All fighters should be demobilised and deployed to farms and schools as deemed appropriate. Igad can only be relevant by helping train a new army for South Sudan, from a new generation.

In the meantime, an UN-AU military and police should be keeping the peace, as the South Sudan diaspora intelligentsia lead the economic reconstruction.

During the World Refugee Summit held in Kampala in June, UN Secretary-General Antonio Guterres urged Igad member states to end the South Sudan crisis. Yet the UN has the military, financial and leadership expertise to end this conflict. The UN should take an active lead in restoring sanity and accountability among South Sudanese leaders.

As Onyango-Obbo once proposed, all the feuding generals should be made to leave their respective power bases. Each will be given a chance to live in a foreign capital of their choice, outside Africa, and thus rendered militarily ineffective.

The UN, working with Igad, Comesa and the EAC, will set up a transitional but mandated government led by experts in various fields.

This UN Government for South Sudan will embark on rebuilding the country using oil revenue. And to ensure lasting peace, the current generation, which has known nothing but war, will be re-educated into a productive force in schools and colleges across Africa, and systematically deployed back home.
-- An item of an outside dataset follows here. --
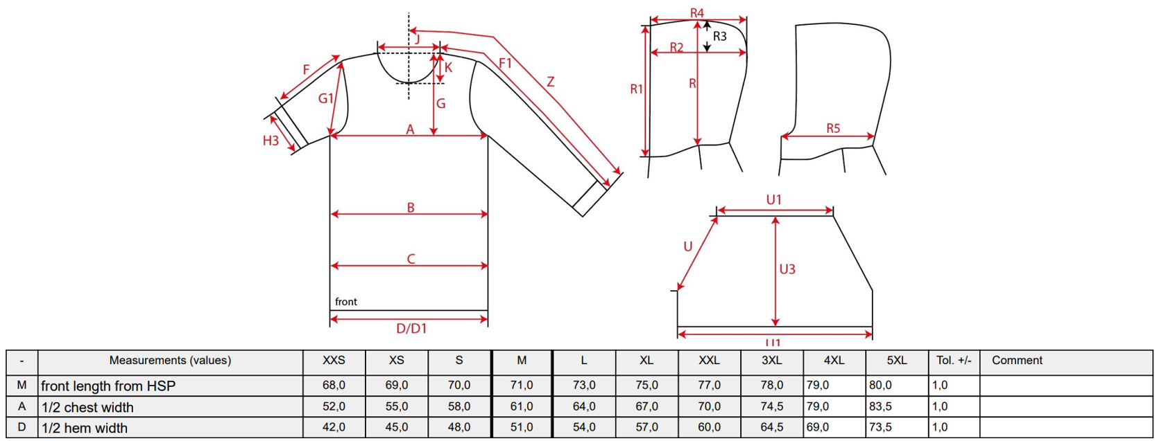 - Rippstrickbündchen an Ärmel und Saum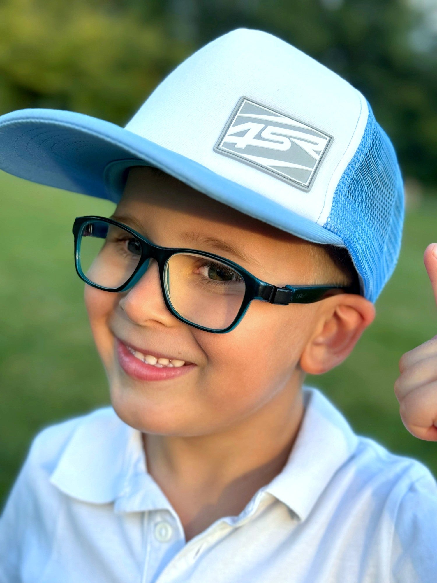 Children's cap with a 3D rubber patch with the 4SR logo.

The UN Government for South Sudan shall run the country for 20 years, during which a new generation of leaders will be deliberately created, using the nucleus of the current South Sudanese diaspora to turn the re-educated generation of warriors into producers.

A new political leadership, army, police, civil service, corporate leadership, academia, clerics, and other leaders is what South Sudan needs and this cannot come out the countless so-called peace treaties signed in regional capitals.

The buck stops with the UN. South Sudan is ready to be the next example the UN’s success in East Timor.